I wanted to give the impression of this old machine as if the viewer had stumbled on in back in the a corner in an old garage or machine shop. I looked at several compositions, some a little more dynamic, but I really wanted the viewer to see and address the machine as its user would so shot it straight on. And, exercising great restraint over an impulse to style the shot, I also did not re-arrange items but shot them just as the user had left them.

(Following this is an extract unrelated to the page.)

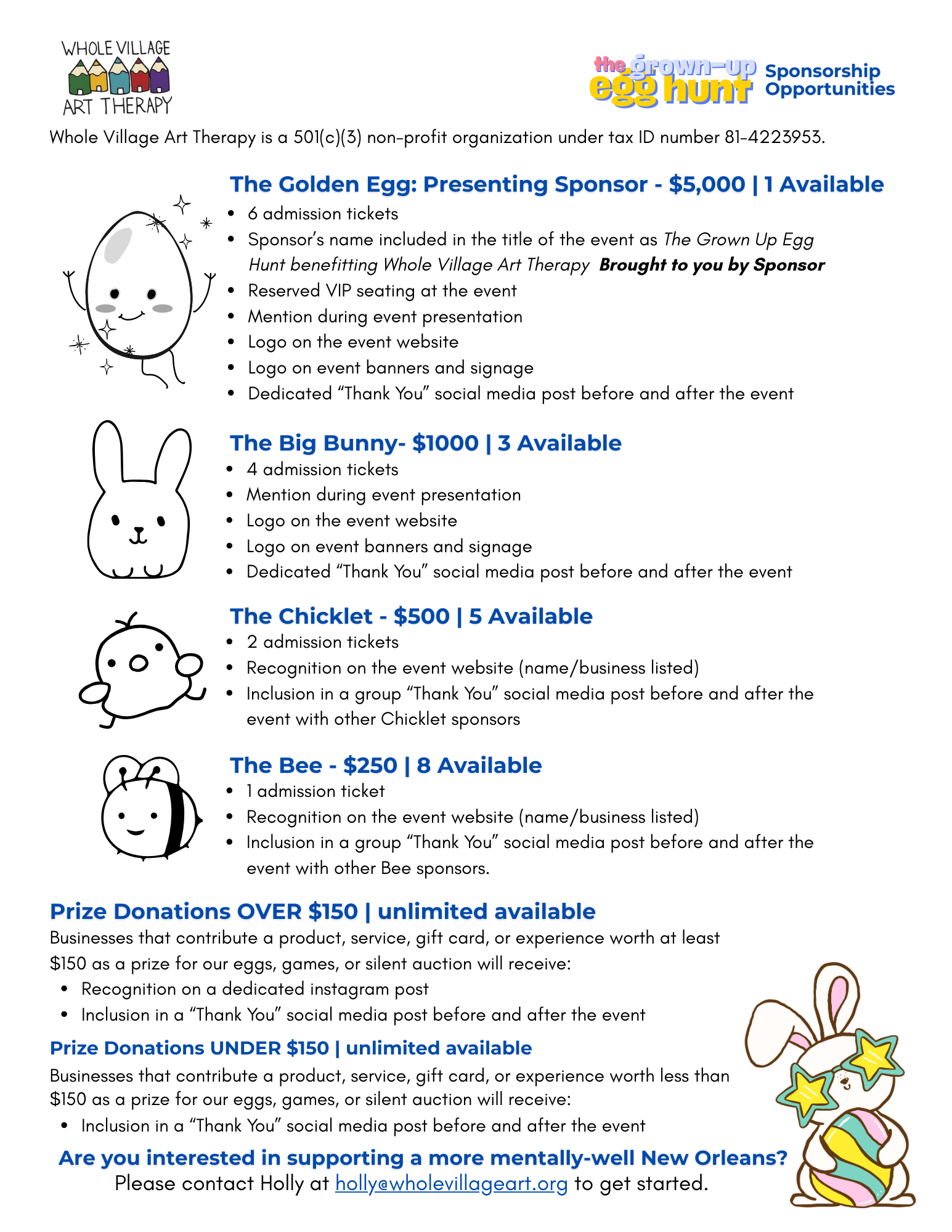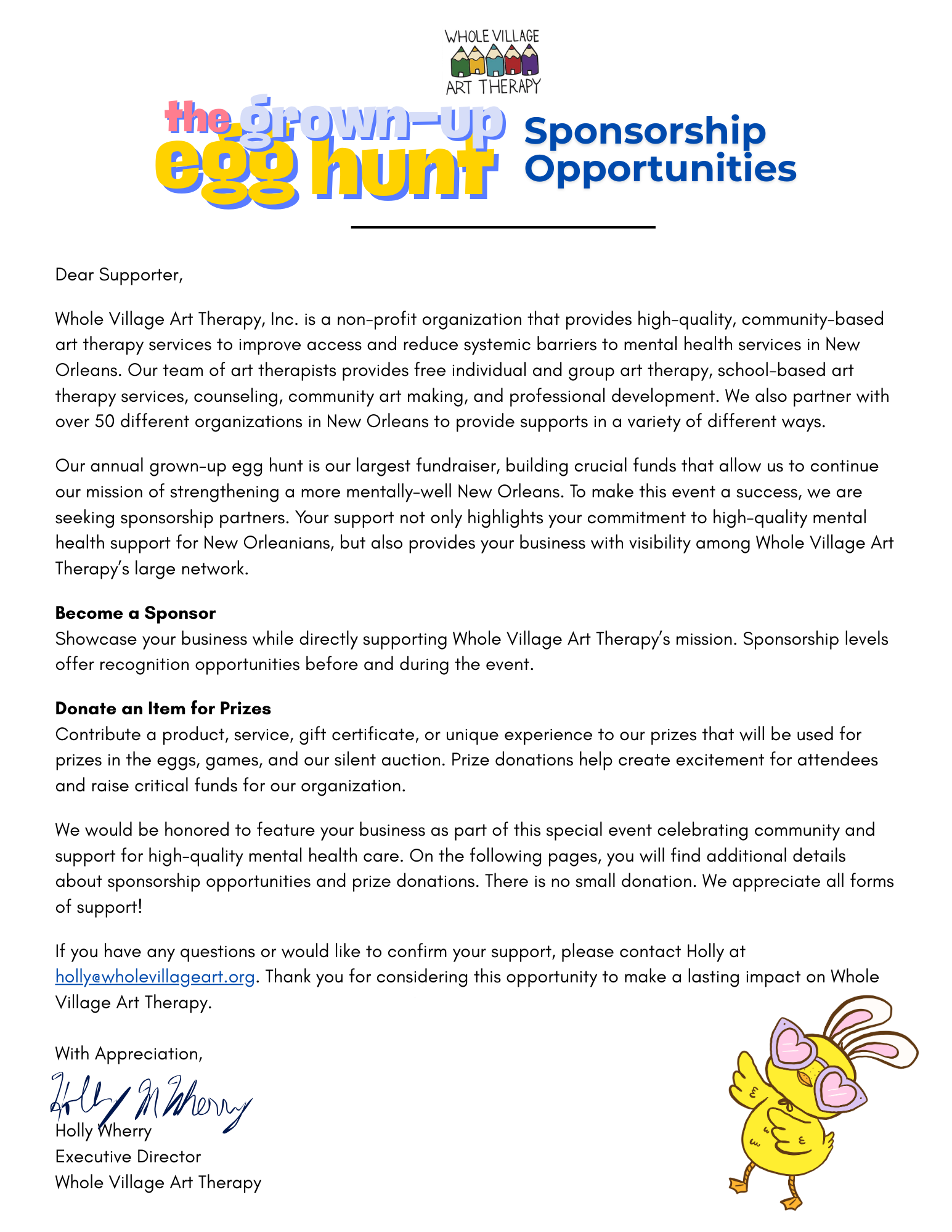 Thank you for considering supporting Whole Village Art Therapy! Contact Holly for more details and payments. We appreciate all of your support! holly@wholevillageart.org or 504-323-5278

I thought it was fairly dark in the garage/mechanic shop where the lathe set, but it was bright enough with north light coming through a wall of very large windows even at f16 I could not shoot longer than about 1.5 seconds in order to keep the subject dark enough for the light to show up. So it was time to get creative. I wanted to use my new light wand but it wasn’t bright enough to overpower the natural ambient light so I chose the 6,000 lumen Cree and went for it. Nor could I sweep the light onto the subject as I intended. In order to not overexpose the lathe I had to resort to a LOT of single frames (41 to be exact) at fairly short exposures of about a second. There was no time for light movement to paint in larger areas so they would have to be blended together in post. Fortunately the Cree casts a very flat beam without much of a central hotspot. This really should be done at night when the garage is dark but I was now on a mission and not to be dissuaded by a little extra light.
Each frame illuminated some small spot of the lathe. So I shot it fairly methodically and assembled the frames in the same sequence. I had also shot a base shot but decided I did not need it so just dove in to the assembly process. Four hours later, this is what I was looking at…
I am still amazed by the look of this approach. It really is a photograph and no special editing trickery was used apart from assembling all of the little parts from layers in Photoshop. Do click on it to see it full screen.
Following the lathe shot I wandered out into the yard and took a few more photographs but have not had time to process them. Tomorrow, Sunday, I have run out of procrastination room so will have to do my taxes after breakfast. Oh for joy… and I am EVER so pleased with how they are used too…
Oh Well, if I finish in time I may put together some of the other shots I took at the transportation museum. Then Monday, it is back to class for seven more weeks of the semester.